Note that Cultivar of the misbalanced and the closest healthy composition are the same. We compute the clr difference between the closest and the misbalanced points.
## [,1]
## clr_N -0.4000826
## clr_P -0.2463863
## clr_K 0.5174425
## clr_Ca -0.8440794
## clr_Mg 0.2250562
## clr_Fv 0.7480496
The perturbation vector is that clr difference back-transformed to leaf compositional space.
comp_names <- c("N", "P", "K", "Ca", "Mg", "Fv")
perturbation_vector <- clrInv(clr_diff)
names(perturbation_vector) <- comp_names
t(perturbation_vector)## [,1]
## N 0.09679140
## P 0.11287200
## K 0.24227737
## Ca 0.06208853
## Mg 0.18085523
## Fv 0.30511547
## attr(,"class")
## [1] acomp
Next, we should compute the corresponding compositions of the clr coordinates of the misbalanced point, as well as the closest TN point.
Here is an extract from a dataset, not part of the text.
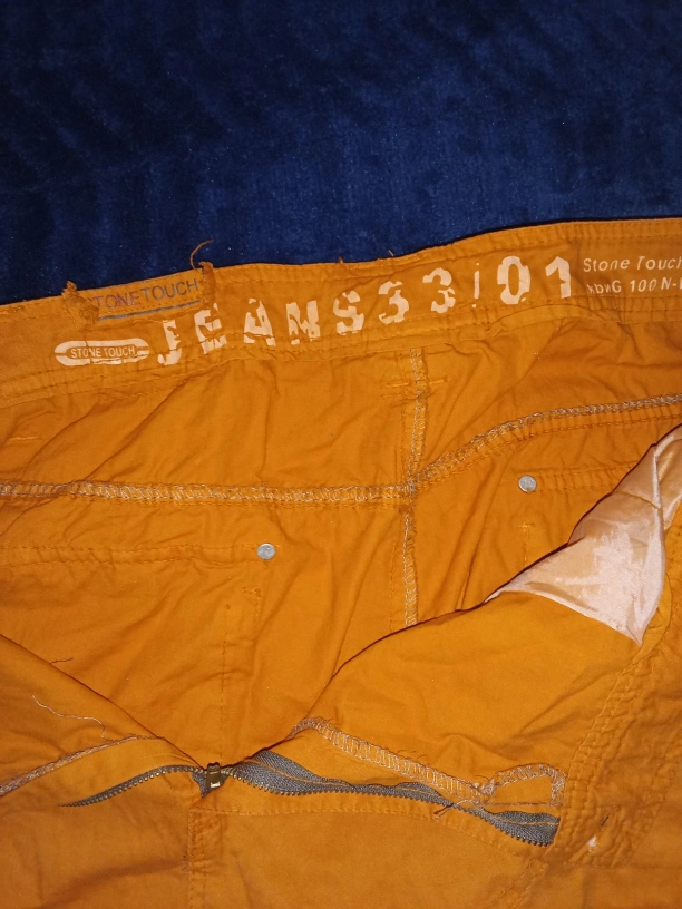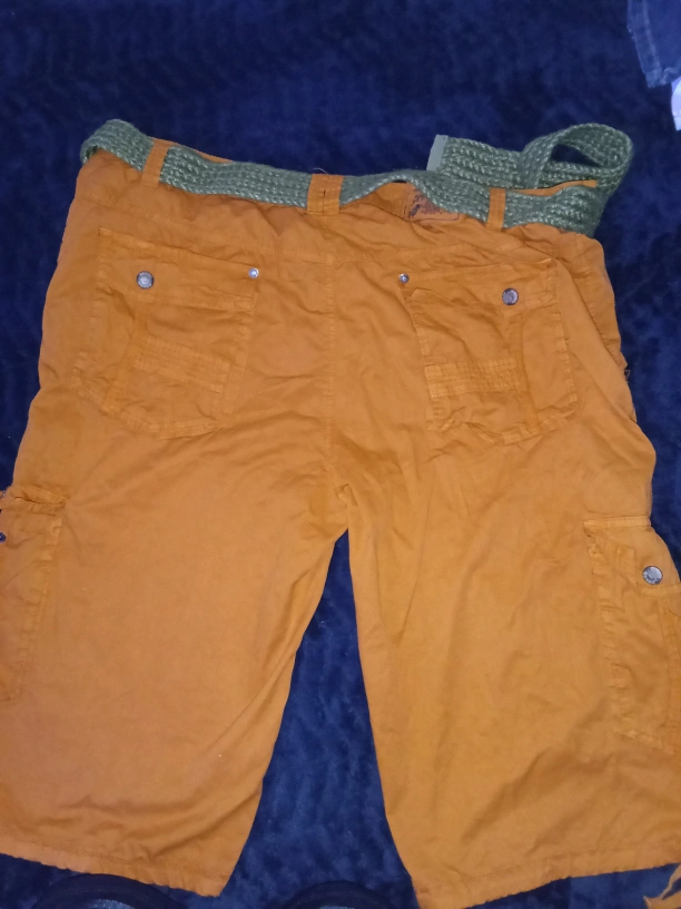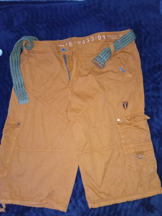 These Stone Touch Jeans 33/01 cargo shorts come in a unique orange color. They feature a comfortable fit and a stylish design, perfect for casual wear. The shorts have multiple pockets for convenience and a belt for added flair. They're made from durable materials, ensuring long-lasting use.

The vectors could be gathered in a table made up of perturbation vector, misbalanced composition and the closest reference sample (pmc).
misbal_comp <- clrInv(misbalanced)
names(misbal_comp) <- comp_names
closest_comp <- clrInv(closest)
names(closest_comp) <- comp_names
pmc = rbind(perturbation_vector, misbal_comp, closest_comp)
rownames(pmc) = c("perturbation_vector","misbal_comp","closest_comp")
pmc## N P K Ca Mg
## perturbation_vector 0.0967914 0.112872002 0.2422774 0.06208853 0.1808552
## misbal_comp 0.1282805 0.007881602 0.0470000 0.07860000 0.0052000
## closest_comp 0.0488500 0.003500000 0.0448000 0.01920000 0.0037000
## Fv
## perturbation_vector 0.3051155
## misbal_comp 0.7330379
## closest_comp 0.8799500
We could even check that the simplex is closed to 1 for each vector.
## [1] 1
## [1] 1
## [1] 1
The closest composition minus the misbalanced composition should return the perturbation vector.
## N P K Ca Mg Fv
## [1,] 0.0967914 0.112872 0.2422774 0.06208853 0.1808552 0.3051155
## attr(,"class")
## [1] acomp
## N P K Ca Mg Fv
## [1,] 0.0967914 0.112872 0.2422774 0.06208853 0.1808552 0.3051155
## attr(,"class")
## [1] acomp
Or even, perturb the misbalanced point by the perturbation vector, you should obtain the closest TN point:
## N P K Ca Mg Fv
## [1,] 0.04885 0.0035 0.0448 0.0192 0.0037 0.87995
## attr(,"class")
## [1] acomp
## N P K Ca Mg Fv
## [1,] 0.04885 0.0035 0.0448 0.0192 0.0037 0.87995
## attr(,"class")
## [1] acomp
So, the assumption is true. The next codes show the concept using dots plots and histograms for each vector. A data frame is tidded for ggplot. Visualization is better with histograms.
df <- data.frame(rbind(misbalanced, closest, clr_diff),
vectors = factor(c("Observation", "Reference", "Perturbation")))
df$vectors <- df$vectors %>% fct_relevel("Observation", "Reference", "Perturbation")
dfreshape <- melt(df) # reshapes df for ggplot## Using vectors as id variables
## Using vectors as id variables
dfreshape$variable <- sub(pattern = "clr_", replacement = "", x = dfreshape$variable, fixed = TRUE) %>%
fct_relevel("N", "P", "K", "Ca", "Mg", "Fv")ggplot(data = dfreshape, aes(x = value, y = vectors, colour = vectors)) +
geom_point() +
facet_wrap(~ variable, scales = "free_x") +
labs(x='Nutrient clr coordinate', y ='') +
theme(text=element_text(family="Arial", face="bold", size=12)) +
theme_bw()
Figure 4.2: Perturbation vector computation example dotplot using the most imbalanced foliar sample.
g1 <- ggplot(data = dfreshape, aes(x = variable, y = value, fill = vectors)) +
geom_bar(aes(fill = vectors), stat = "identity", position = position_dodge()) +
coord_flip() + theme_bw() +
ylab("Nutrients clr coordinates") + xlab("Diagnostic nutrients") +
theme(legend.title = element_blank()) +
theme(text = element_text(family = "Arial", face = "bold", size = 12))
g1 + scale_fill_discrete(breaks = c("Observation","Reference","Perturbation")) +
scale_fill_manual(values=c("grey50", "black", "grey80"))
Figure 4.3: Perturbation vector computation example barplot using the most imbalanced foliar sample.